If $$\begin{bmatrix} \vec{a} \times \vec{b} & \vec{b} \times \vec{c} & \vec{c} \times \vec{a} \end{bmatrix} = \lambda \begin{bmatrix} \vec{a} & \vec{b} & \vec{c} \end{bmatrix}^2$$, then $$\lambda$$ is equal to:

Let us agree on the usual shorthand $$[\,\vec{u}\;\vec{v}\;\vec{w}\,]=\vec{u}\cdot(\vec{v}\times\vec{w})$$; this is the scalar triple product (a single number).

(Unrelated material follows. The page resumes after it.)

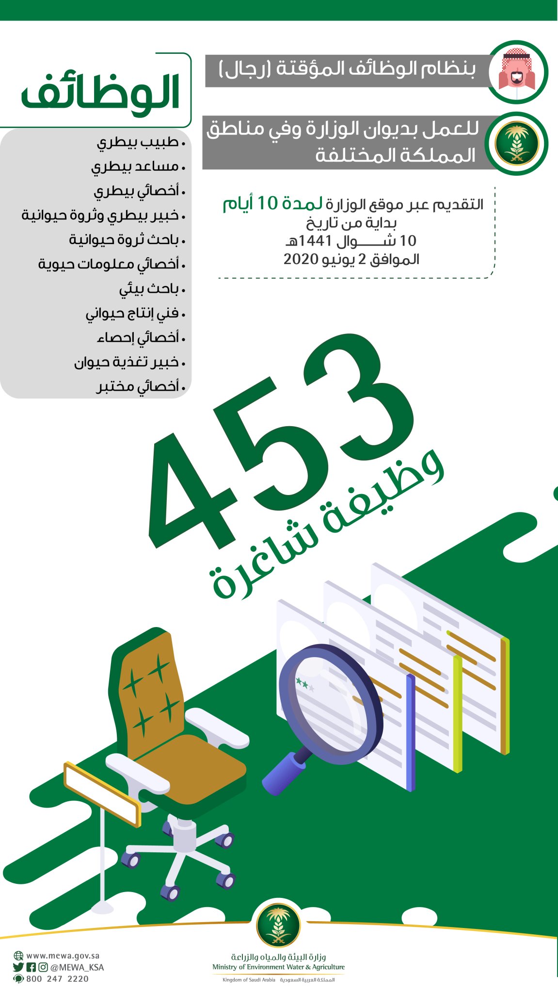 وزارة البيئة والمياه والزراعة On Twitter طرحت وزارة البيئة والمياه والزراعة 453 وظيفة رجال للعمل بديوان الوزارة وفي مختلف مناطق المملكة بنظام الوظائف المؤقتة لمعرفة الشروط المطلوبة وموعد التقديم والوظائف المتوفرة يمكن الدخول إلى موقع

The statement in the question can therefore be rewritten as

$$[\ \vec{a}\times\vec{b}\;\;\vec{b}\times\vec{c}\;\;\vec{c}\times\vec{a}\,]=\lambda\,[\,\vec{a}\;\vec{b}\;\vec{c}\,]^2.$$

We shall evaluate the left-hand scalar triple product step by step.

First put

$$\vec{p}=\vec{a}\times\vec{b},\qquad \vec{q}=\vec{b}\times\vec{c},\qquad \vec{r}=\vec{c}\times\vec{a}.$$

Then the required quantity is simply $$[\,\vec{p}\;\vec{q}\;\vec{r}\,]= \vec{p}\cdot(\vec{q}\times\vec{r}).$$

We begin by finding $$\vec{q}\times\vec{r}=(\vec{b}\times\vec{c})\times(\vec{c}\times\vec{a}).$$

The vector identity for the cross‐product of two cross‐products is

$$(\vec{u}\times\vec{v})\times(\vec{w}\times\vec{x}) =[\,\vec{u}\;\vec{v}\;\vec{x}\,]\,\vec{w}-[\,\vec{u}\;\vec{v}\;\vec{w}\,]\,\vec{x}.$$

Choosing $$\vec{u}=\vec{b},\;\vec{v}=\vec{c},\;\vec{w}=\vec{c},\;\vec{x}=\vec{a},$$ we obtain

$$ (\vec{b}\times\vec{c})\times(\vec{c}\times\vec{a}) =[\,\vec{b}\;\vec{c}\;\vec{a}\,]\,\vec{c}-[\,\vec{b}\;\vec{c}\;\vec{c}\,]\,\vec{a}. $$

Because any scalar triple product containing two identical vectors is zero, the second term vanishes:

$$[\,\vec{b}\;\vec{c}\;\vec{c}\,]=0.$$ Hence

$$\vec{q}\times\vec{r}=(\vec{b}\times\vec{c})\times(\vec{c}\times\vec{a}) =[\,\vec{b}\;\vec{c}\;\vec{a}\,]\,\vec{c}.$$

The scalar triple product is cyclic, so $$[\,\vec{b}\;\vec{c}\;\vec{a}\,]=[\,\vec{a}\;\vec{b}\;\vec{c}\,].$$ Denote this common value by

$$S=[\,\vec{a}\;\vec{b}\;\vec{c}\,].$$

Consequently

$$\vec{q}\times\vec{r}=S\,\vec{c}.$$

Now compute $$\vec{p}\cdot(\vec{q}\times\vec{r}).$$ We have

$$\vec{p}=\vec{a}\times\vec{b},\quad \vec{q}\times\vec{r}=S\,\vec{c},$$ so

$$ \vec{p}\cdot(\vec{q}\times\vec{r}) =(\vec{a}\times\vec{b})\cdot(S\,\vec{c}) =S\,(\vec{a}\times\vec{b})\cdot\vec{c}. $$

The dot product in the last expression is again the scalar triple product of $$\vec{a},\vec{b},\vec{c}$$, namely

$$ (\vec{a}\times\vec{b})\cdot\vec{c}=[\,\vec{a}\;\vec{b}\;\vec{c}\,]=S.$$ Therefore

$$[\,\vec{p}\;\vec{q}\;\vec{r}\,]=S\cdot S=S^{2}=[\,\vec{a}\;\vec{b}\;\vec{c}\,]^{2}.$$

Returning to the original notation, the relation becomes

$$[\,\vec{a}\times\vec{b}\;\;\vec{b}\times\vec{c}\;\;\vec{c}\times\vec{a}\,] =[\,\vec{a}\;\vec{b}\;\vec{c}\,]^{2}.$$

Comparing this with the given equation $$[\,\vec{a}\times\vec{b}\;\;\vec{b}\times\vec{c}\;\;\vec{c}\times\vec{a}\,] =\lambda\,[\,\vec{a}\;\vec{b}\;\vec{c}\,]^{2},$$ we see that

$$\lambda=1.$$

Hence, the correct answer is Option B.